Scheduling is the problem of assigning tasks to machines. They are constrained by their execution times, with independent costs for each task.

In standard cell placement, the cost is usually much more complicated: the wirelength involves distances between tasks, and cannot be expressed a a sum of independent task costs. However, for a given ordering of the cells in the rows, it is possible to find the corresponding optimal positions by using linear programming (more precisely, network flow). This gives us a simple optimization pass to use during placement but it is still a bit expensive.

Therefore, for standard cell placement as well as scheduling, researchers have considered the simpler problem where there is only one row or one machine, still with fixed ordering. The cost function is a sum of independent piecewise linear functions, and hopefully there are faster algorithms to solve the problem.

A standard cell with one pin on the same row and two on other rows, with the associated cost function
A standard cell with one pin on the same row and two on other rows (a), an equivalent placement of the pins (b), and the associated cost function (c)

Fast algorithms for the ordered single row problem

Indeed, this problem is much easier to solve in practice. The clumping algorithm solves this problem in worst case quadratic time, and is usually much faster. The idea behind it is to add the cells at the end of the row and push it to the next pin until its placement is optimal: the final placement is optimal due to the convexity of the cost function.

A group of cells is pushed while it decreases wirelength. Each time a pin is passed, the derivative of the wirelength is updated and the algorithm may stop and add the next cell to the row.
A group of cells is pushed while it decreases wirelength. Each time a pin is passed, the derivative of the wirelength is updated and the algorithm stops and adds the next cell to the row.

This quadratic worst case complexity is annoying: several publications managed to improve this runtime up to m log² m where m is the number of pins. However, the datastructures involved are a special type of balanced trees, both slow and difficult to code.

I discovered a simpler m log n algorithm based on a priority queue, but by chance I found out that it is already known for scheduling,  as the specialized cascading descent algorithm. The cascading descent is equivalent to the clumping algorithm. The basic idea is to index the pins with a value that does not depend on the cell: this way, merging groups of cells takes constant time. The algorithm uses a single priority queue to hold the pins, hence its better complexity.

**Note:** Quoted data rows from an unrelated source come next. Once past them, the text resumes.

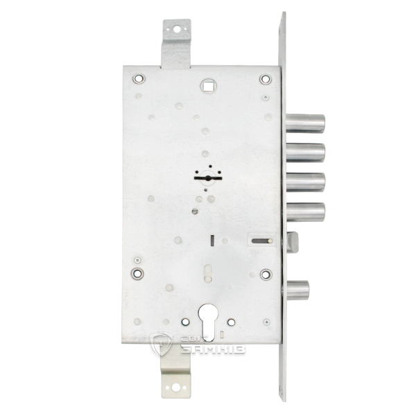 Благодаря второй блокирующей стойке на ригельной пластине замок POTENT 8170 обладает защитой от выбивания ригелей. Дополнительно корпус замка стягивается винтами с двух сторон, что обеспечивает защиту от силового взлома. Важным аспектом является то, что все элементы корпуса обладают антикоррозионным покрытием. Это обеспечит долговременное использование в течение большого периода времени.
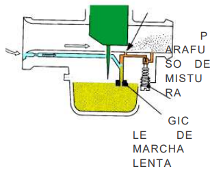 Marcha Lenta:o combustível passa através do giclê de marcha lenta e mistura-se com o ar proveniente do giclê de ar da marcha lenta. A quantidade de combustível utilizada na marcha lenta é controlado pelo parafuso de mistura.Na marcha lenta, o pistonete esta fechando a saída do bypass, impedindo o fluxo de combustível pela mesma. seja desalojada do seu assento pela vibração quando o veículo estiver em funcionamento, com isso, é garantida a estanqueidade do sistema. Serve também para proteger a ponta da agulha devido aos impactos provenientes do movimento da motocicleta.
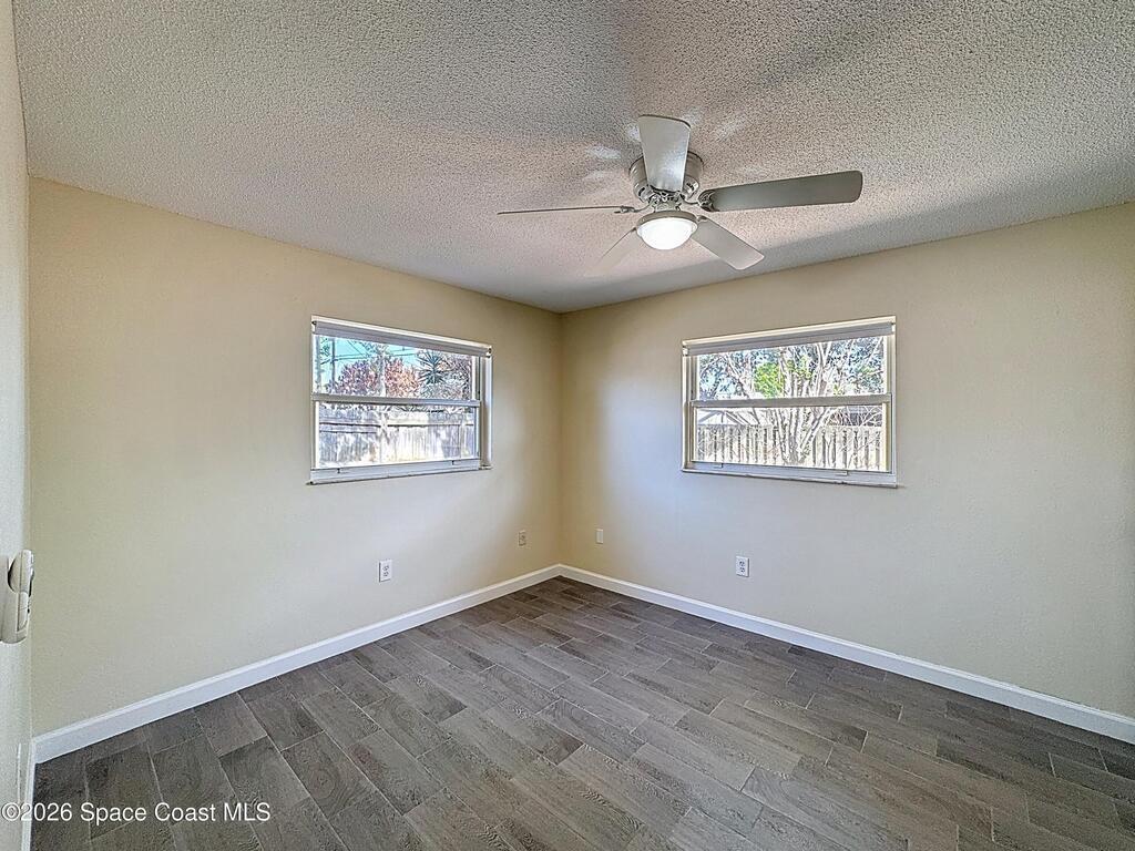 Here's the 4 bedroom rental on Merritt Island that you've been looking for! Updated Baths, Kitchen, Windows, Tankless Water Heater 2007, and a newer Enclosed Florida Room with New A/C. New tiled floors throughout along with fresh interior paint, new baseboards and interior doors. The 4th bedroom does not have a closet, so it can be also be used as a den/office or play room for the kids. Private backyard with pavered walkway and fencing. Come see this beautiful property today as it won't last long! Dryer provided, but not warranted.
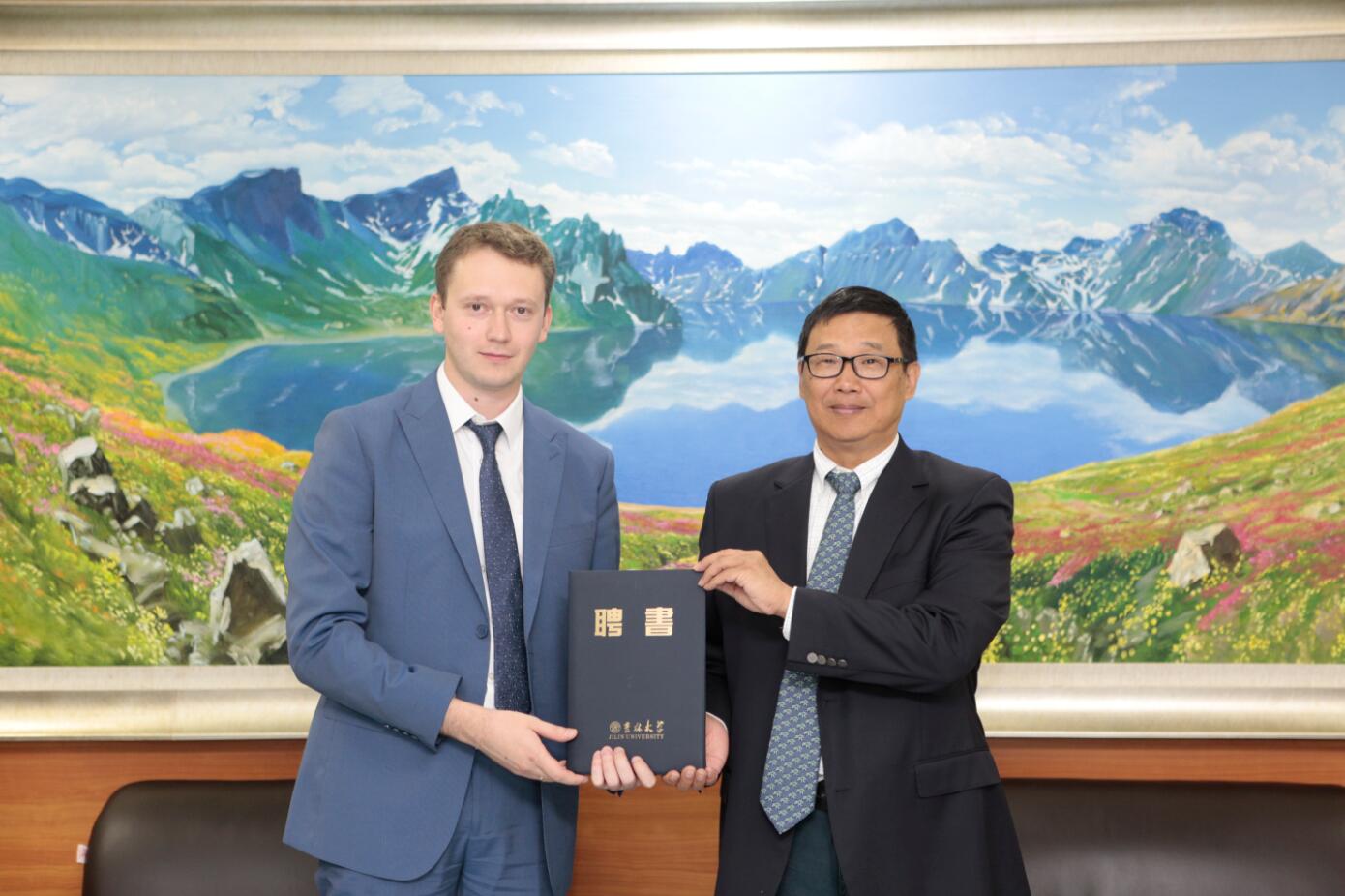 开学典礼前后,陈岗常务副校长分别会见了莫斯科国际关系学院副校长巴依科夫教授和澳门大学全球事务总监兼校长特别顾问冯达旋教授。在会见巴依科夫教授时,陈岗为其颁发了熟女

The absolute position of a cell is the position of the first cell if all cells were clustered. The position of a pin is defined relative to the cell it connects to.
The absolute position of a cell is the corresponding position of the first cell if all cells were clustered. The position of a pin is defined relative to the cell it connects to.

 

Applications to VLSI placement

It isn’t a breakthrough: even naive linear programming is fast enough to optimize a large part of a circuit, so that this improvement might be barely noticeable compared with approximate or  quadratic algorithms.

However, there are two extensions that may prove particularly useful: local search and non-convex optimization.

Local search is the process of modifying the placement through simple modifications, like cell swapping. One of my goals is to modify the algorithm in order to support online placement modification with logarithmic complexity. That is, keep an optimal placement through small ordering modifications.

Non-convex optimization is trickier. There can be several local optimas, which makes most such problems extremely difficult. For the special structure of the ordered single row problem, however, there are quadratic algorithms. It means that we can integrate more complex cost functions directly in the ordered single row optimization, for example cell orientation.

Both ideas are relatively new: cell swapping, orientation and position optimization are almost always separate steps (although it is possible, even integer programming models in the litterature do not integrate all of them). I wonder how these methods will play compared to independent optimization passes.